> Directions for this task: Since the listing below shows pictures, leave them out and write out exactly the lines from the line with "Topdon Artidiag Series" to the line with "PRA MONOLITH BRUSHED", both included, and no others.

> Records provided:
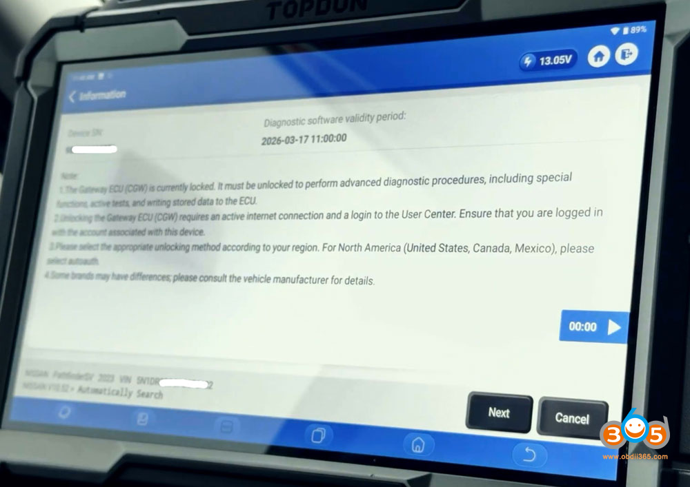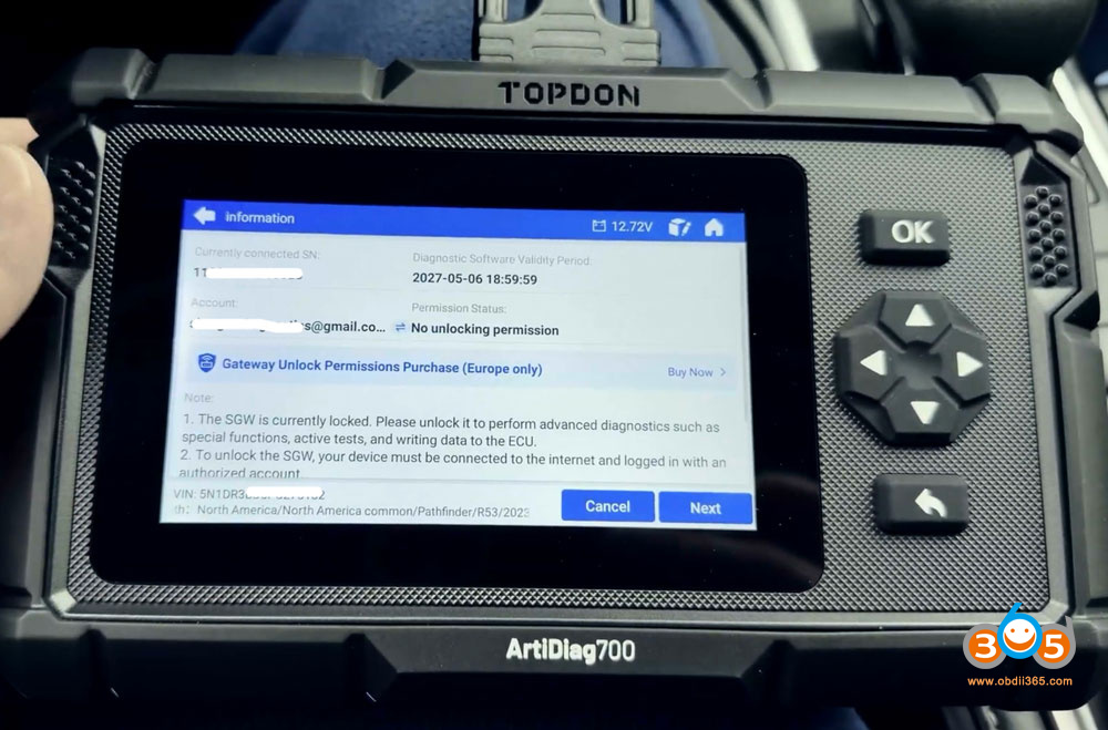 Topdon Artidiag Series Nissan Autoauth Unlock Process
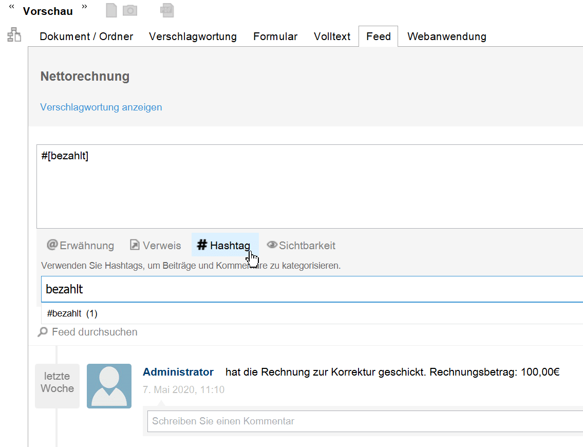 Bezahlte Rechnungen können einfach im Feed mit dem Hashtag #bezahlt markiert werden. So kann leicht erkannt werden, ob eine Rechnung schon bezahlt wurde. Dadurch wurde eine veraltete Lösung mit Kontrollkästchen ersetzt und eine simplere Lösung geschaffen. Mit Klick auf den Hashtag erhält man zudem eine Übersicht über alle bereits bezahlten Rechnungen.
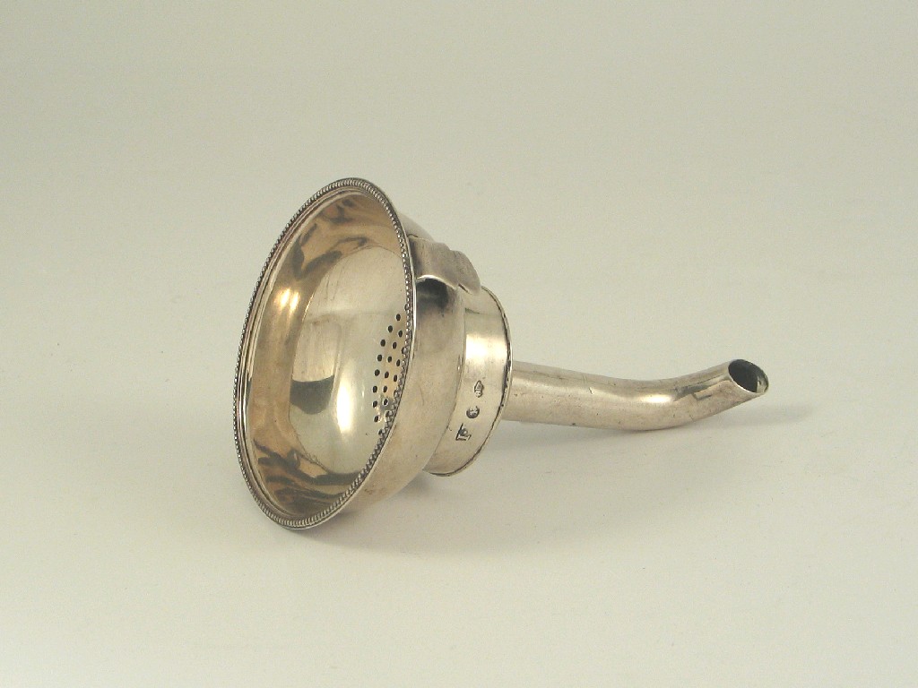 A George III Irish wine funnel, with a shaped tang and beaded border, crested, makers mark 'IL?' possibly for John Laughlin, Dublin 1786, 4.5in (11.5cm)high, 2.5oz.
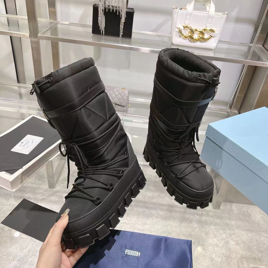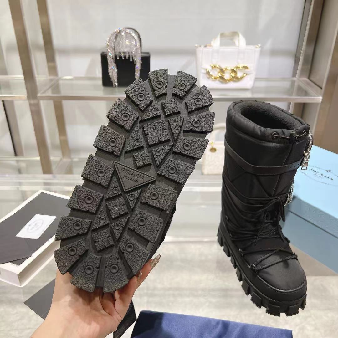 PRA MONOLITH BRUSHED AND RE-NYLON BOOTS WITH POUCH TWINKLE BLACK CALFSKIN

---

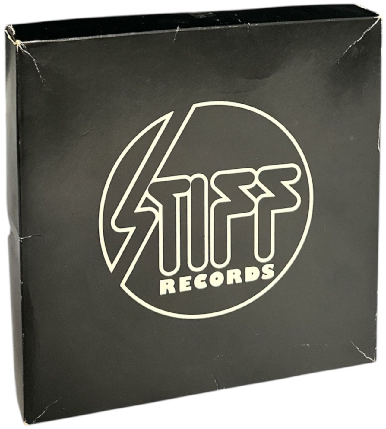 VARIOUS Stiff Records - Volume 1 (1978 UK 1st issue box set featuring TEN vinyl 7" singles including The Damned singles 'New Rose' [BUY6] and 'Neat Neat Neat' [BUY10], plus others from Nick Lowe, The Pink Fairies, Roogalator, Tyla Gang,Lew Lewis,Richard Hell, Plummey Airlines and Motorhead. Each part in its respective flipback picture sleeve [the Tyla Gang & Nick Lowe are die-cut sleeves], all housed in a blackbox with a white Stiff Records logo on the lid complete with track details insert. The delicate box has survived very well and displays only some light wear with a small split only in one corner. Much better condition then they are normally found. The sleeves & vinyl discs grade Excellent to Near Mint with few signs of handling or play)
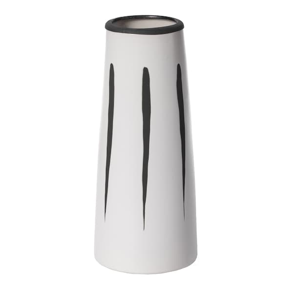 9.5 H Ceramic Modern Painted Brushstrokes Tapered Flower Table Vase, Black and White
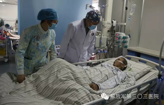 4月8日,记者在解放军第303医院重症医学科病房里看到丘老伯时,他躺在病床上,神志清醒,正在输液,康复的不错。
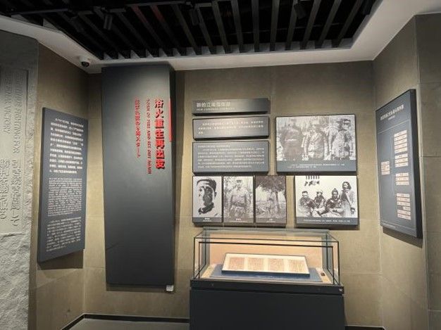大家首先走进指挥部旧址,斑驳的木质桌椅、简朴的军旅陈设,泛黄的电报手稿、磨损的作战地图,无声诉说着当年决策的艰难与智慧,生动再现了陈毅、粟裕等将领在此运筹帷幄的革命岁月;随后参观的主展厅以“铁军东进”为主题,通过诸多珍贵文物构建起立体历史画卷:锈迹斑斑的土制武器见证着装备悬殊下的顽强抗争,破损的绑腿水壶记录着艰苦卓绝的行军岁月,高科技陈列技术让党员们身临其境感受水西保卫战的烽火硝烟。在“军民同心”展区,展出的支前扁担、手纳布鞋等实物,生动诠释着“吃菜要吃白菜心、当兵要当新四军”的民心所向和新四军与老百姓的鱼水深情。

> Task response:
 Topdon Artidiag Series Nissan Autoauth Unlock Process
 Bezahlte Rechnungen können einfach im Feed mit dem Hashtag #bezahlt markiert werden. So kann leicht erkannt werden, ob eine Rechnung schon bezahlt wurde. Dadurch wurde eine veraltete Lösung mit Kontrollkästchen ersetzt und eine simplere Lösung geschaffen. Mit Klick auf den Hashtag erhält man zudem eine Übersicht über alle bereits bezahlten Rechnungen.
 A George III Irish wine funnel, with a shaped tang and beaded border, crested, makers mark 'IL?' possibly for John Laughlin, Dublin 1786, 4.5in (11.5cm)high, 2.5oz.
 PRA MONOLITH BRUSHED AND RE-NYLON BOOTS WITH POUCH TWINKLE BLACK CALFSKIN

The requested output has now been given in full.